Story
Rechtsanwalt Herbert P. Schons schreitet ein, wenn sich Streithähne gegenseitig verklagen und wegen eigentlicher Nichtigkeiten vor Gericht ziehen wollen. Im ruhigen Vermittlungsgespräch versucht der erfahrene Streitschlichter dabei, verträgliche Lösungen zu finden und einen teuren sowie selten wirklich befriedigenden Rechtsstreit zu verhindern. Da wären zum Beispiel Volker Steinwedel und das Ehepaar Süllow, das sich von den feucht-fröhlichen Partys ihres Reihenhausnachbarn gestört fühlen. Nicht nur ist die Polizei regelmäßig Gast in der Siedlung, der Streit belastet seit zehn Jahren die Gemüter beider Parteien. Auch in einem kleinen Dorf in Bayern muss Rechtsanwalt Schons tätig werden, denn ein zugezogener Ingenieur streitet sich mit zwei altansässigen Dorfbewohnern über eine Gartenhütte, die zwar auf dem Grundstücks der Unternehmer steht, aber an das frisch sanierte Fachwerkhaus des Ingenieurs grenzt.
Kritik
Erst vor wenigen Wochen sorgte der NDR für große Aufregung in der deutschen Medienlandschaft, als ein internes Papier belegte, dass der Sender Pläne für Scripted Reality-Formate verfolge, um Kosten für teure Dokumentationen zu sparen.

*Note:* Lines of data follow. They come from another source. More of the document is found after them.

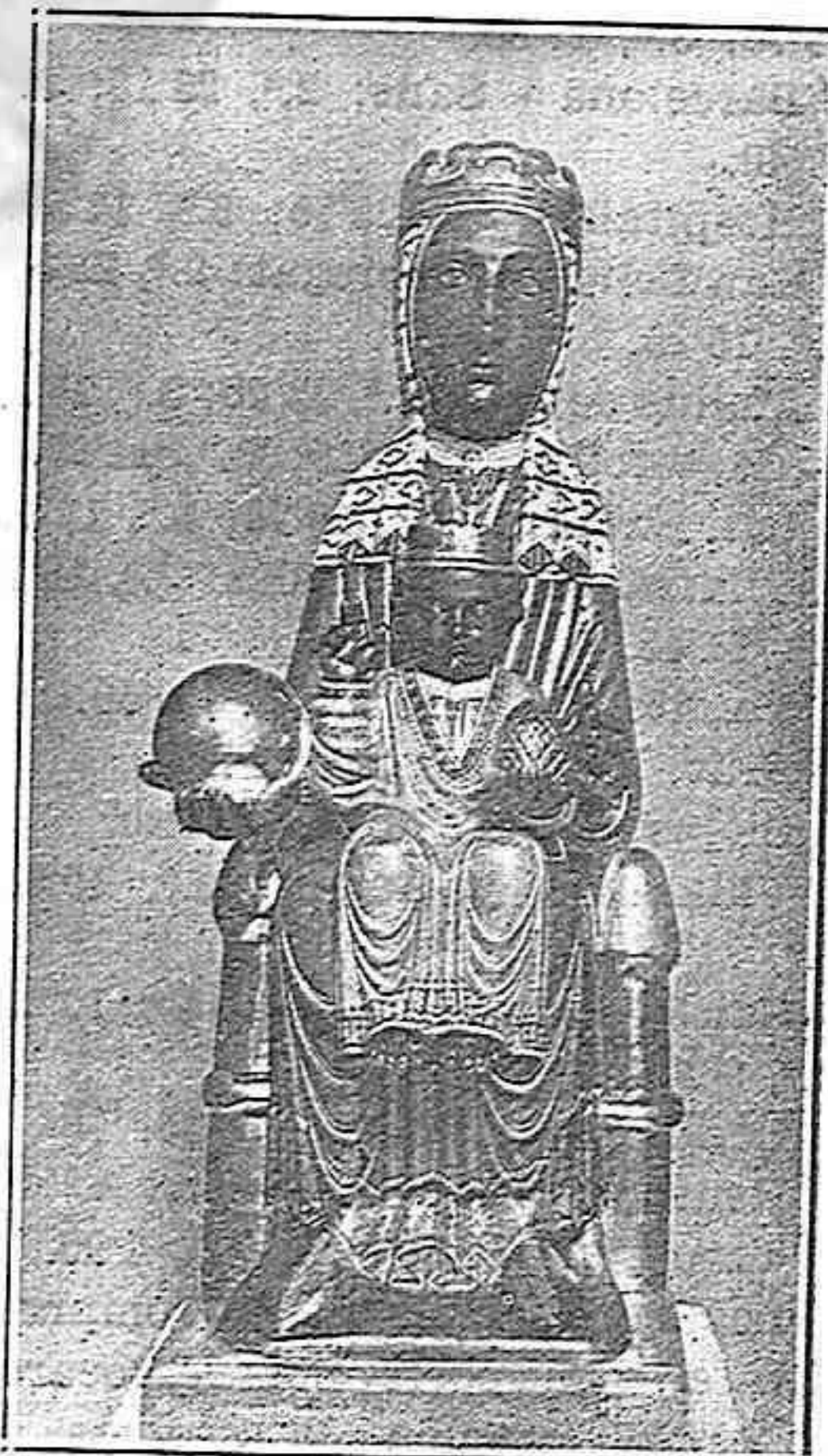
Imatge de la Mare de Déu de Montserrat, que es venera a la Seu de Tarragona

Participem jubilosos en aquesta esplèndida refflorida, Cadascú al lloc que li correspongui o al lloc que li sigui assequible. O sisquera unint-nos, per l'oració, amb els que avui actuen o s'arreglaren en alts combats de fervor, per la recristianització total i permanent de la Pàtria.
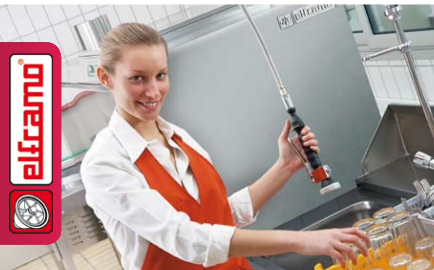
D 36/45/85/120 DGT

Isolamento termico su scocca e boiler.* Thermal insulation on chassis and boiler.* Châssis et surchauffeur avec isolation thermique.* Boiler und Karrosserie Wärme -und Lärmisoliert.*
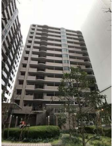
【外観写真】外観写真
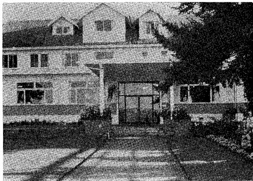
第1図 シンポジウム会場のホテル

の歪みから半分離近接連星におけるガス放出の測光的実証と、放出ガスが主星表面に作る高温スポットの生成について報告された(ワルター)。また、それらガスの運動や、ガス状リングのひろがりについての理論的研究のまとめは、粒子力学的取扱い(スーシューハン)と流体力学的取扱い(北村)に分けて報告された。これらガス流の顕著な分光連星として、R CMa, RZ Sct, U Sge, YY Gem, アルゴール, \beta Lyr, SX Cas, U Cep, SW Cyg, TT Lyr, AT Her が論ぜられた。
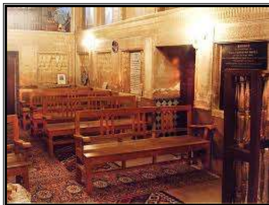
تصویر ۴- کلیسای آرامنه شیراز

زمان شاه عباس دوم صفوی در سال ۱۶۶۲ میلادی آن را ساخته اند. سقف نقاشی تالار اصلی کلیسا وطاقچه بندی و مقرنس کاریهای گچی در حاشیه وسط دیوار از آثار هنری دوران صفوی بوده سنگهای قبور شخصیت‌های مسیحی بر دیوارهای کلیسا نصب است. قابل توجه این که از داخل تالار و نمازگاه سقف نقاشی و گچبری شده و گنبدی شکل است، حال آن که از خارج و در روی پشت بام اثری از گنبد مدور و گنبدی شکل دیده نمی شود.

Tatsächlich durchleben öffentlich-rechtliches Fernsehen und Privatprogramm eine zunehmend konvergente Entwicklung: Oliver Pocher durfte schon im Ersten blödeln, Johannes B. Kerner wechselte vom sicheren Hafen des öffentlich-rechtlichen Stammpublikums zu Sat.1, Günther Jauch bekommt einen eigenen Polittalk bei der ARD und Stefan Raab und sogar Elton sind mittlerweile auch bei den Gebührenfinanzierten angekommen. Was bisher lediglich personelle Entscheidungen waren, wirkt sich in einer neuen ZDF-Produktion jetzt scheinbar auch auf das Programm aus.

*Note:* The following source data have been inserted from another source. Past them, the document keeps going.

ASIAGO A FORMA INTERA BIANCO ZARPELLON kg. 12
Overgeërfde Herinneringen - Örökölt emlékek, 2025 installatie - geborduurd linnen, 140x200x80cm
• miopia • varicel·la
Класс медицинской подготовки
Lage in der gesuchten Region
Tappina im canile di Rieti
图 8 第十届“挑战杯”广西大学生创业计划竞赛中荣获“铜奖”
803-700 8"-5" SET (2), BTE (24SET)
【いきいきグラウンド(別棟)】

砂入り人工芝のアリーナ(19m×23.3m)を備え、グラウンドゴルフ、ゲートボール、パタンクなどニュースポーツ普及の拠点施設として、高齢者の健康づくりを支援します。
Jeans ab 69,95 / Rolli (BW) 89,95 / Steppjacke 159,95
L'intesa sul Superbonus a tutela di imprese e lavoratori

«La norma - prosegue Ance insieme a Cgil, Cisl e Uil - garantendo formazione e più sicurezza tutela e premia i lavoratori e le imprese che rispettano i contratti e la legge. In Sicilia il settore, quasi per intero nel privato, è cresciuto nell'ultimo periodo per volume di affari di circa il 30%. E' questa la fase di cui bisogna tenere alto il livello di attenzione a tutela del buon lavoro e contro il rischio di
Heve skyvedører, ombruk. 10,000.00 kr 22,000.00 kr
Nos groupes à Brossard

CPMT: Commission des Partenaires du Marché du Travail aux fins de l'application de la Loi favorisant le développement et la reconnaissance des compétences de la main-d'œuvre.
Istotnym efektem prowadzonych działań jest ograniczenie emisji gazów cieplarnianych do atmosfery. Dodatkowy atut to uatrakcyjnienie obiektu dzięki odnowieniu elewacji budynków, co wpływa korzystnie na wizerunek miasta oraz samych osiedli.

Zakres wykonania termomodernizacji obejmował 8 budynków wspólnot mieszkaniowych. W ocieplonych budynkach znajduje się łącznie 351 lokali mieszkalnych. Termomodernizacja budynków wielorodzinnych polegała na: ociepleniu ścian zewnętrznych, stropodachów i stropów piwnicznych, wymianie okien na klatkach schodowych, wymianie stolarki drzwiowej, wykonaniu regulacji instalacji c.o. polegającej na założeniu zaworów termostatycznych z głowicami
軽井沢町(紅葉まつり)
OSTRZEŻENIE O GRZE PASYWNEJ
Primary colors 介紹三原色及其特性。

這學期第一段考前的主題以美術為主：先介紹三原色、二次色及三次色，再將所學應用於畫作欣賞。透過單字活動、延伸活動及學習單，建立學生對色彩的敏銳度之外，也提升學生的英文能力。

Die bisher auf zwei Folgen ausgelegte Dokumentation «Immer diese Nachbarn! Ein Fall für Schons» begleitet Rechtsanwalt und Streitschlichter Herbert P. Schons bei zwei Aufträgen in verfeindeten Nachbarschaften, während er versucht, die Wogen zu glätten. Wer unweigerlich an eine typische Politik privaten Fernsehprogramms denkt, liegt nicht falsch, denn RTL programmierte bereits vor einem Jahr mit «Nachbarschaftsstreit - Kolb greift ein» ein ganz ähnliches Format, das allerdings nicht unter dem Mantel der Dokumentation versteckt wurde, sondern auch von offizieller Senderseite eine Reality-Dokumentation darstellte - und nichts anderes ist «Immer diese Nachbarn! Ein Fall für Schons». Rechtsanwalt Schons greift mit einer als innovativ proklamierten Schlichtungsmethode ein, die in beiden Fällen identisch ist: Beiden Parteien wird ein Video der jeweils anderen Partei gezeigt, um zu provozieren. Dabei inszenierte Regisseurin Iris Bettray in bisher zwei Folgen eine typisch überzogene Darstellung der Ereignisse und zelebriert besonders in der ersten Folge stereotype Gut-Böse-Muster zwischen bürgerlichen Rentnern und verkanntem Künstler im Alkoholrausch.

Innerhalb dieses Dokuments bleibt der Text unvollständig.